**EXERCISE:** Without any pictures, copy the records below once more, exactly as they are.

======== EXERCISE INPUT

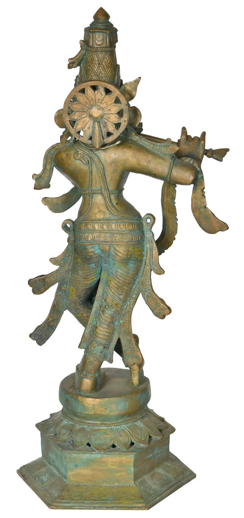 A widely adored deity fashioned from an age-old, highly venerated medium. Lord Krishna is the most popular of the dashavataras of Lord Vishnu. A cowherd from Vrindavan, a charmer of innocent cows and milkmaids (gopiya) alike. In this solemn bronze composition, He is in His tribhanga murari roopa (form), so-called because the body of the divine flute-player (murari) justs out (‘bhanga’) at three (‘tri’) different junctures, namely the shoulder, the hip, and the ankle.
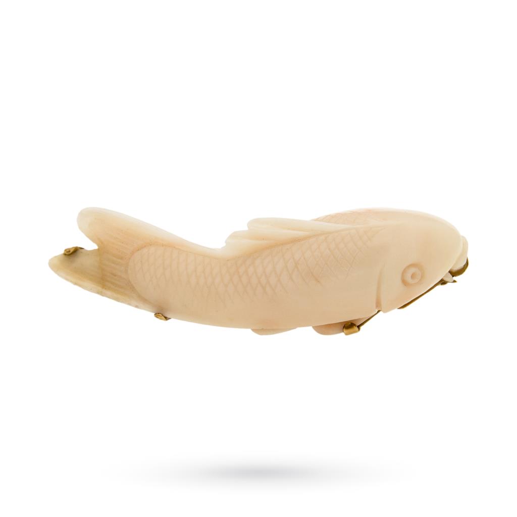 Cicala.it propone oggi questa creazione unica: una spilla in oro 18kt (750/000), grammi 3, con finitura lucida e carpa in corallo rosa incisa a mano da intagliatori di Torre del Greco, patria del corallo. Un gioiello esclusivo, adatto a look particolari, curati e non lasciati al caso. Questa spilla in oro online su www.cicala.it è l'emblema dell'arte manufatturiera del reparto orafo italiano. Non lasciartela scappare.
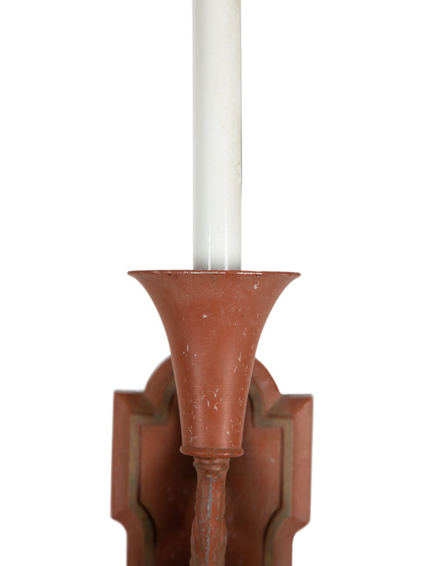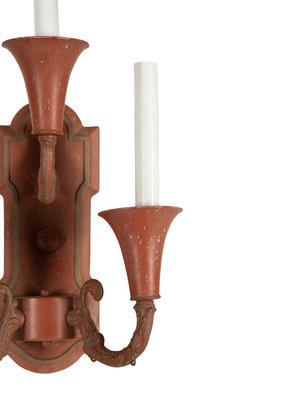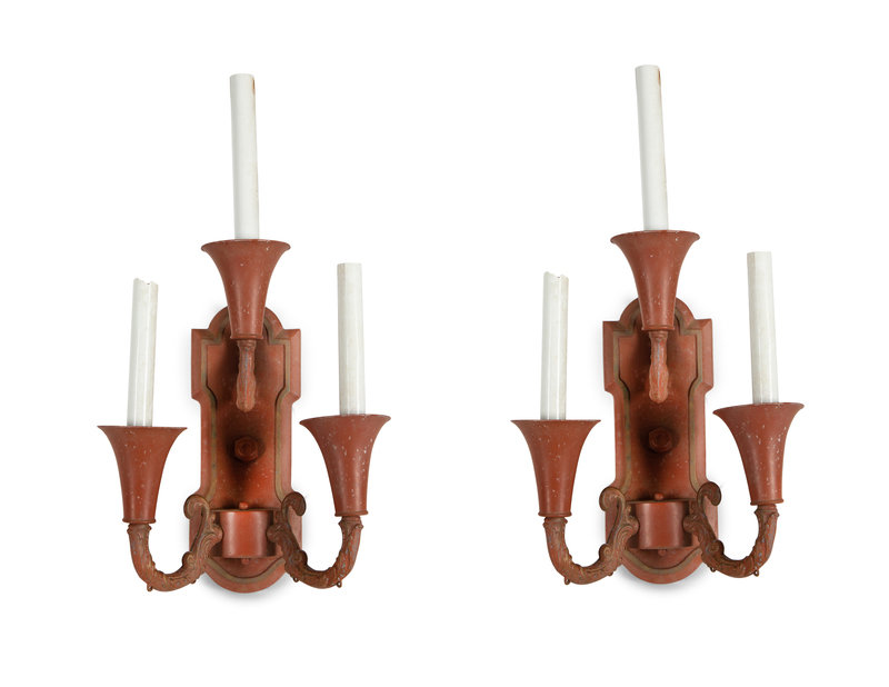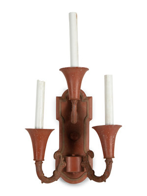 A Pair of Red and Gilt Decorated Tole Three-Light Wall Sconces
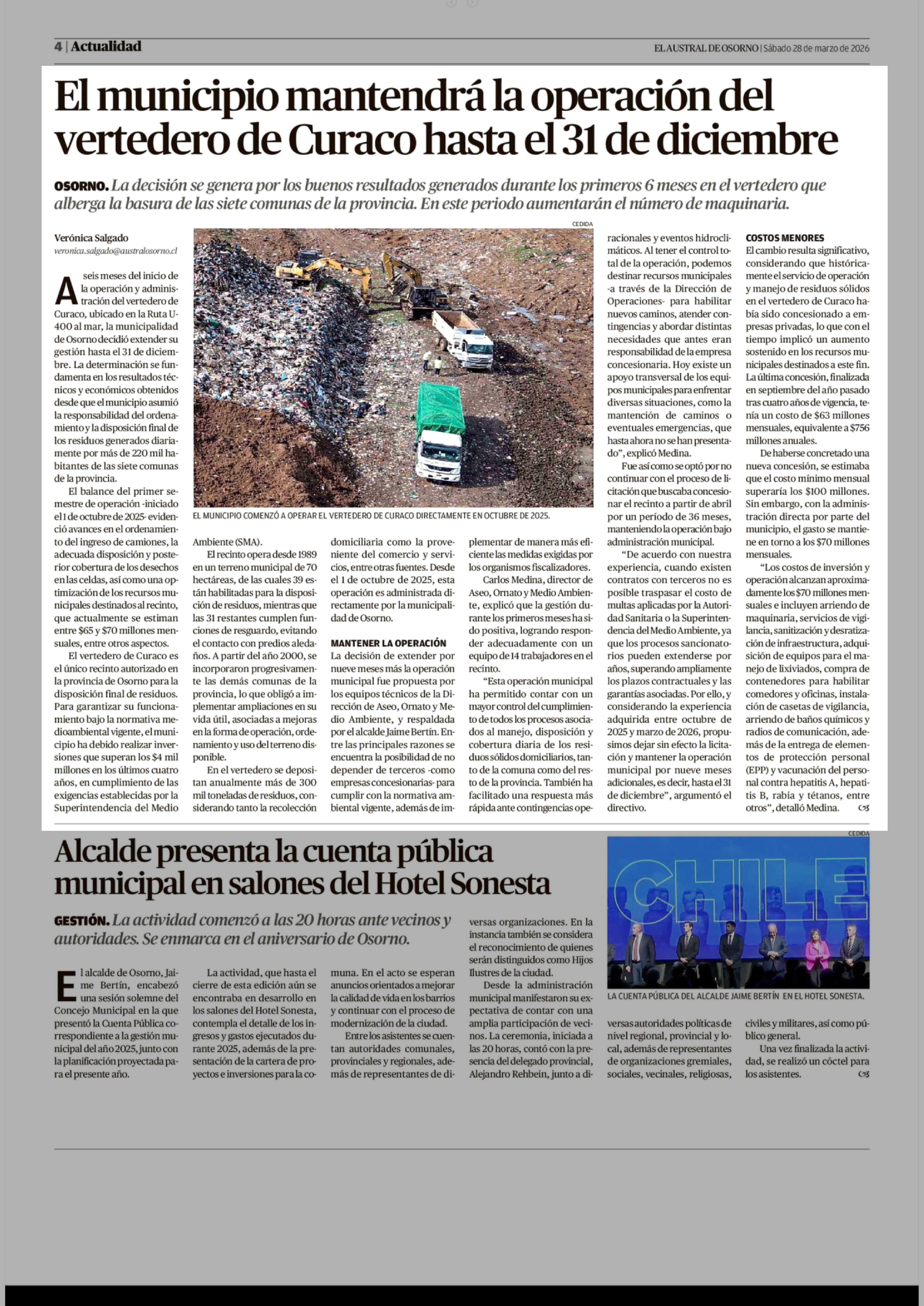 Fuente: El Austral de Osorno (El Austral de Osorno) Página(s): 4
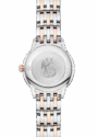 This 27.5 mm model in stainless steel and 18 K Sedna™ gold features a silver dial with a sunray finish and varying vertical embossing. The display is characterised by PVD-coated Sedna™ gold hands and alternating Roman numerals and cabochon indices. The simple look of the timepiece is complemented by a solid case back embossed with the god Chronos.
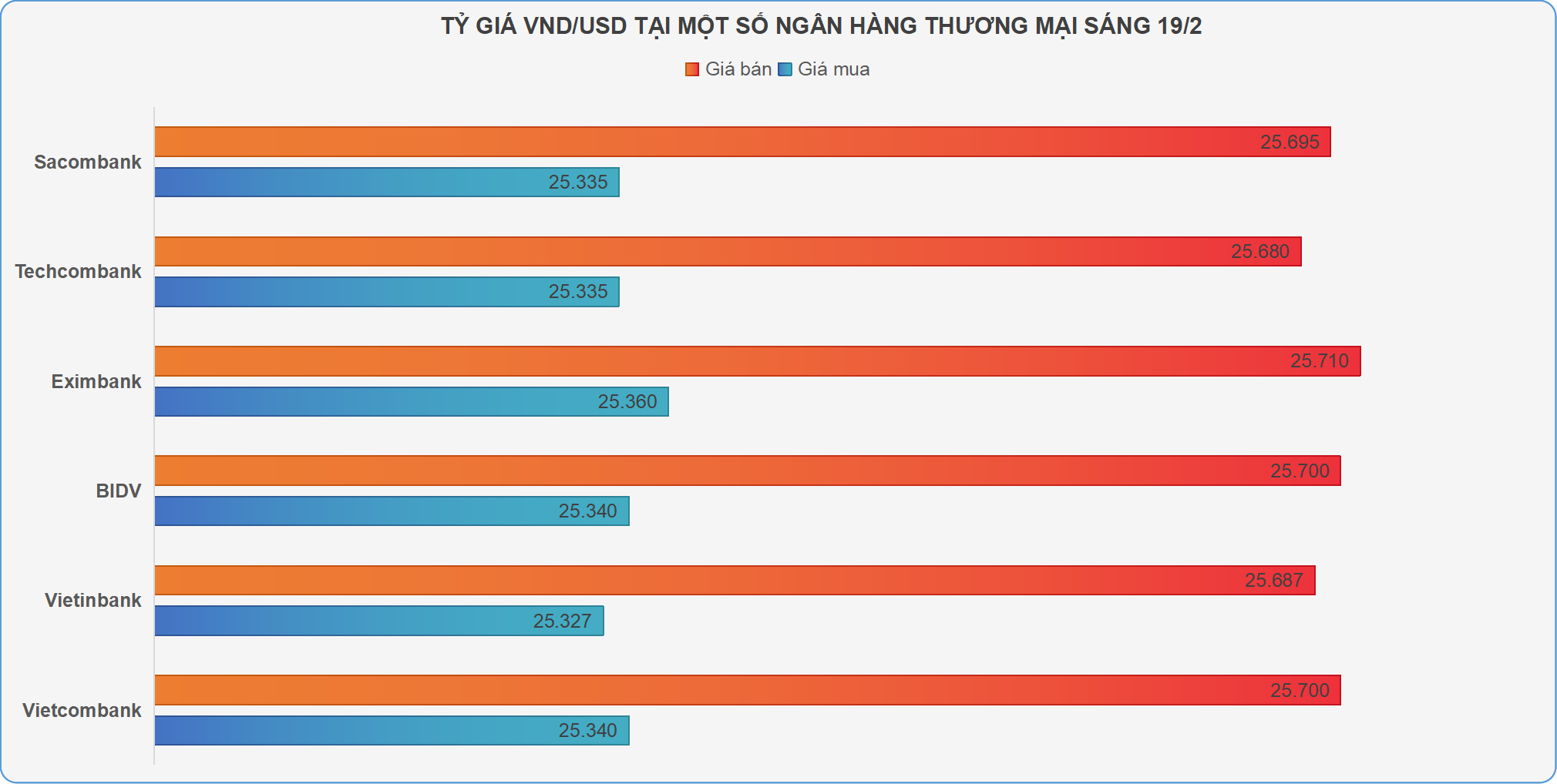 Eximbank giá USD tăng 10 đồng ở chiều mua và giữ nguyên chiều bán so với phiên trước, hiện đang niêm yết USD ở mức 25.360 - 25.710 VND/USD. Trong khi đó, tại Techcombank, giá USD điều chỉnh giảm 65 đồng ở cả hai chiều mua - bán, đang niêm yết ở mức 25.335 - 25.680 VND/USD.

================

**ANSWER AREA:**
 A widely adored deity fashioned from an age-old, highly venerated medium. Lord Krishna is the most popular of the dashavataras of Lord Vishnu. A cowherd from Vrindavan, a charmer of innocent cows and milkmaids (gopiya) alike. In this solemn bronze composition, He is in His tribhanga murari roopa (form), so-called because the body of the divine flute-player (murari) justs out (‘bhanga’) at three (‘tri’) different junctures, namely the shoulder, the hip, and the ankle.
 Cicala.it propone oggi questa creazione unica: una spilla in oro 18kt (750/000), grammi 3, con finitura lucida e carpa in corallo rosa incisa a mano da intagliatori di Torre del Greco, patria del corallo. Un gioiello esclusivo, adatto a look particolari, curati e non lasciati al caso. Questa spilla in oro online su www.cicala.it è l'emblema dell'arte manufatturiera del reparto orafo italiano. Non lasciartela scappare.
 A Pair of Red and Gilt Decorated Tole Three-Light Wall Sconces
 Fuente: El Austral de Osorno (El Austral de Osorno) Página(s): 4
 This 27.5 mm model in stainless steel and 18 K Sedna™ gold features a silver dial with a sunray finish and varying vertical embossing. The display is characterised by PVD-coated Sedna™ gold hands and alternating Roman numerals and cabochon indices. The simple look of the timepiece is complemented by a solid case back embossed with the god Chronos.
 Eximbank giá USD tăng 10 đồng ở chiều mua và giữ nguyên chiều bán so với phiên trước, hiện đang niêm yết USD ở mức 25.360 - 25.710 VND/USD. Trong khi đó, tại Techcombank, giá USD điều chỉnh giảm 65 đồng ở cả hai chiều mua - bán, đang niêm yết ở mức 25.335 - 25.680 VND/USD.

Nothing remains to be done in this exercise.